Kyle Hodnett

Personal information
- Full name: Kyle David Hodnett
- Born: 4 December 1986 (age 39) Durban, Natal, South Africa
- Nickname: Hodders
- Height: 5 ft 11 in (1.80 m)
- Batting: Left-handed
- Bowling: Right-arm fast-medium
- Role: Bowler
- Relations: Grant Hodnett (brother)

Domestic team information
- 2008: Marylebone Cricket Club
- 2010: Berkshire
- 2011/12–2012/13: KwaZulu-Natal
- LA debut: 1 August 2008 MCC v Bangladesh A
- FC debut: 8 March 2012 KwaZulu-Natal v Free State

Career statistics
| Competition | FC | LA | T20 |
| Matches | 7 | 1 | 3 |
| Runs scored | 75 | 6 | – |
| Batting average | 15.00 | 6.00 | – |
| 100s/50s | 0/0 | 0/0 | – |
| Top score | 25 | 6 | – |
| Balls bowled | 954 | 60 | 54 |
| Wickets | 12 | 1 | 1 |
| Bowling average | 42.08 | 43.00 | 68.00 |
| 5 wickets in innings | 0 | 0 | 0 |
| 10 wickets in match | 0 | 0 | 0 |
| Best bowling | 2/59 | 1/43 | 1/31 |
| Catches/stumpings | 3/– | 0/– | 1/– |
- Source: ESPNcricinfo, 3 October 2014

= Kyle Hodnett =

Former South African-born English cricketer

Kyle David Hodnett (born 4 December 1986) is a former South African born English cricketer. Hodnett was a left-handed batsman who bowled right-arm fast-medium. He was born in Durban, Natal.

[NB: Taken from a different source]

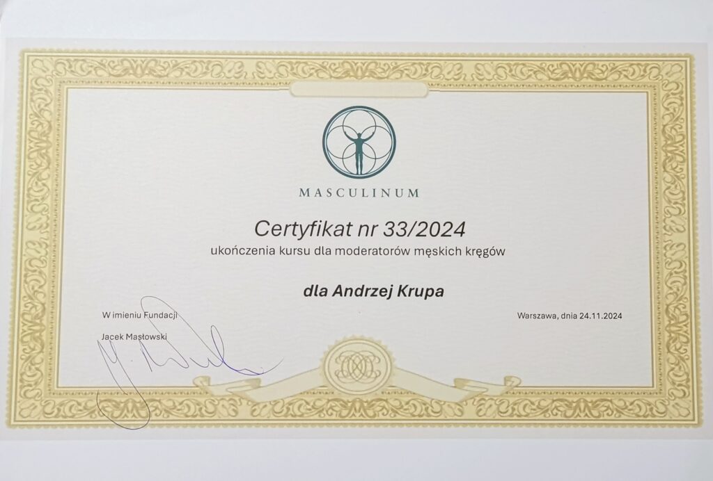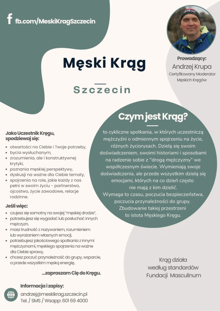 Nazywam się Andrzej Krupa i od początku uczestniczę w męskich kręgach według standardów Fundacji, gdzie zaspokajam potrzebę szczerej rozmowy, wsparcia i dzielenia się emocjami. Polecam je każdemu mężczyźnie, który chce otworzyć się na męską siłę, wrażliwość i lepiej zrozumieć swoje potrzeby. Wychowani głównie przez kobiety, często brakuje nam zdrowych męskich relacji, a dojrzały mężczyzna to oparcie dla bliskich.

After impressing at the programme's winter trials in 2004
, Hodnett was part of the MCC Young Cricketers from 2005 to 2008, and made his List A debut for the Marylebone Cricket Club in 2008 against Bangladesh A at The Racecourse, Durham. In this match, Hodnett took the wicket of Naeem Islam in the Bangladesh A first-innings, conceding in the process 43 runs from 10 overs. With the bat, he scored 6 runs before being dismissed by Dolar Mahmud. Bangladesh A won the match by 80 runs. He took a Second XI Championship hat-trick against Northamptonshire II at Brunton Memorial Ground, Radlett in 2008, becoming the first MCC Young Cricketer to take a hat-trick in the Second XI Championship. Hodnett was included in Nottinghamshire's 2009 preseason plans but did not feature during the regular season due to injury.

In 2010, he made four Minor Counties Championship appearances for Berkshire against Wales Minor Counties, Cheshire, Shropshire and Cornwall.

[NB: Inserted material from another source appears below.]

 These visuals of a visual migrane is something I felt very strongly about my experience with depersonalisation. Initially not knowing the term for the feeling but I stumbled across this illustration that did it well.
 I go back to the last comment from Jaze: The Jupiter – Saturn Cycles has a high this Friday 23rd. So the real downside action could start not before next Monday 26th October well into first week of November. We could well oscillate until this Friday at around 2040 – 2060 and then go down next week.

He returned to his native South Africa where he made his First-Class debut for KwaZulu-Natal against Free State in the CSA Provincial Three-Day Competition 2011/12. During the 2012/13 season, he made his Twenty20 debut for KwaZulu-Natal against Griqualand West at Kingsmead Cricket Ground.